👽 Cell phenotyping using a Hierarchical Prior Knowledge Table

# import packages
import scimap as sm
import anndata as ad
import pandas as pd

Running SCIMAP  1.3.14

# Load the data that we saved in the last tutorial - (Prepare data for SCIMAP)
adata = ad.read_h5ad('/Users/aj/Dropbox (Partners HealthCare)/nirmal lab/resources/exemplarData/scimapExampleData/scimapExampleData.h5ad')

This method requires more work but is significantly more sensitive and scalable compared to clustering-based approaches.

To run the method, you'll need two main components:

To successfully execute the method, you will need:

A .csv file containing manual gates. Should manual gates be absent, the algorithm will attempt to adjust the data by fitting two Gaussian distributions. Nonetheless, employing manual gating is recommended due to its heightened sensitivity.
A .csv file outlining a gating workflow strategy.

The execution of the algorithm is structured into three primary steps:

Gate Identification: Utilize sm.pl.gate_finder to identify the gates.
Data Rescaling: Apply sm.pp.rescale to adjust the data based on the identified gates.
Phenotyping: Process the rescaled data using sm.tl.phenotype to run the phenotyping algorithm.

Step 1: Define manual gates

%gui qt

This method will launch a napari window displaying several layers, each representing a different gate.
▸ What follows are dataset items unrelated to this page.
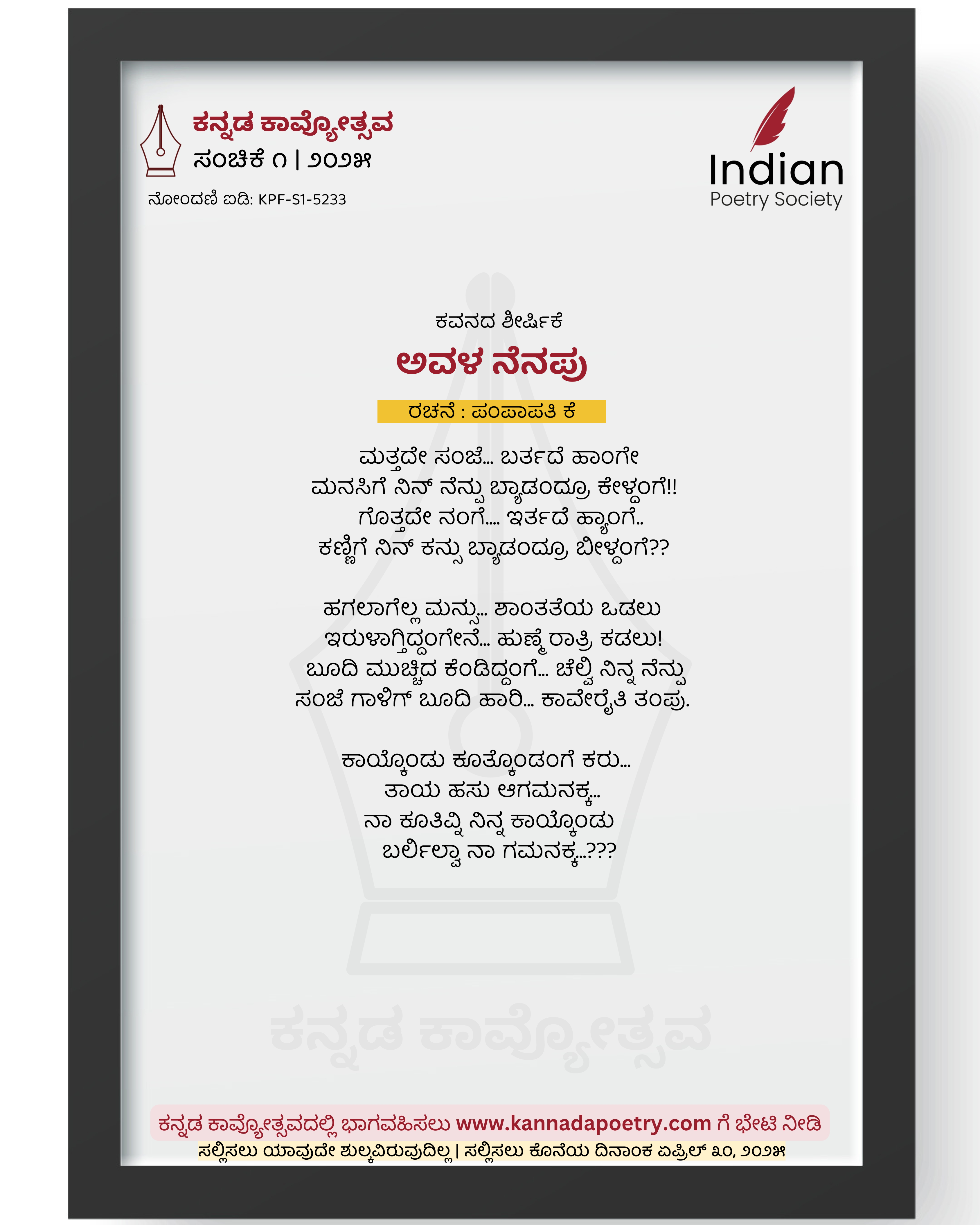 ನೋಂದಣಿ ಐಡಿ : KPF-S1-5233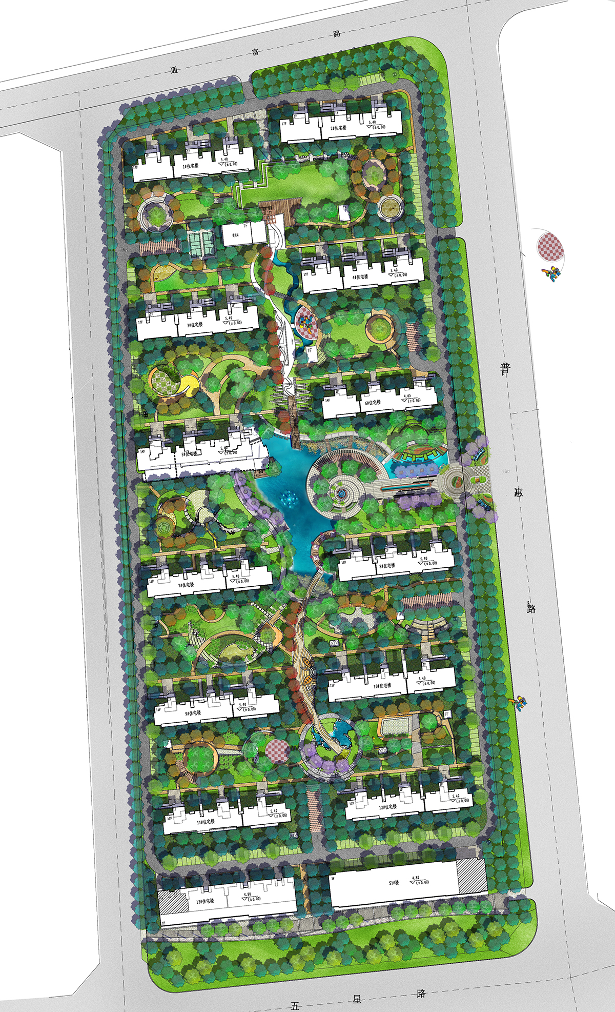 小区道路绿化园林规划景观鸟瞰图后期psd素材源文件分层图层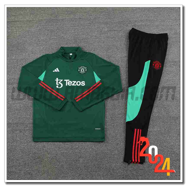 Nuovo Tuta Allenamento Manchester United Verde/Nero 2024/2025. sito affidabile per vendere tuta allenamento calcio squadre a poco prezzo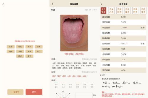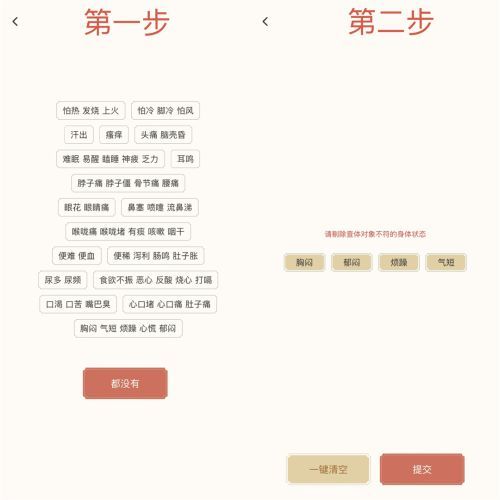 用户上传舌照后,系统会呈现一张清单,上面列了18组常见的身体状态(如“怕热 发烧 上火”“头痛 脑壳昏”等)。它的作用很简单:先了解用户最直观的感受,就像看病的时候,医生会先问“你哪里不舒服”,用户只需勾选一组自己符合的症状,若无则点“都没有”。这一步不参考舌象,所有人看到的清单都是一样的,将传统问诊中“用户不知如何描述症状”的难题,转化为清晰的选择题,降低了使用门槛。

You can toggle these layers on and off with the goal of identifying the gate that most accurately captures the positive cells. It's crucial to zoom and pan through the image to ensure the selected gate encompasses all positive cells throughout the image. Bear in mind that achieving 100% accuracy might not be feasible, so a certain margin of error may need to be accepted. This process is iterative, meaning adjustments may be necessary even after initial phenotyping and analysis. Manual gating must be conducted independently for each marker and each image.

image_path = '/Users/aj/Dropbox (Partners HealthCare)/nirmal lab/resources/exemplarData/scimapExampleData/registration/exemplar-001.ome.tif'
marker_of_interest = 'CD45'

sm.pl.gate_finder (image_path, adata, marker_of_interest, from_gate = 5, to_gate = 9, increment = 0.1, point_size=6)

# Do the above step for each marker and then create a `.csv` file like below:
pd.read_csv('/Users/aj/Dropbox (Partners HealthCare)/nirmal lab/resources/exemplarData/scimapExampleData/manual_gates.csv')

	marker	exemplar-001--unmicst_cell
0	ELANE	7.80
1	CD57	8.90
2	CD45	6.40
3	CD11B	7.60
4	SMA	7.50
5	CD16	6.50
6	ECAD	7.35
7	FOXP3	7.40
8	NCAM	7.00

You'll observe that the first column lists the markers present in the dataset, while the second column specifies the gate, named after the specific image's ID found in adata.obs['imageid']. This is especially useful when dealing with datasets containing multiple images, as it allows for a distinct column for each image.

Although visual gating has proven to be the most sensitive method for us, you can also apply single and bi-marker gating approaches, similar to FACS, to assist in determining a threshold.

# single 
sm.pl.distPlot(adata, layer='log', markers=['CD45','ECAD','FOXP3'], ncols=3, fontsize=6, figsize=(5,2))

png

We also use bimarker gating to identify a gate

sm.pl.densityPlot2D(adata, markerA='SMA', markerB='CD45', layer='log')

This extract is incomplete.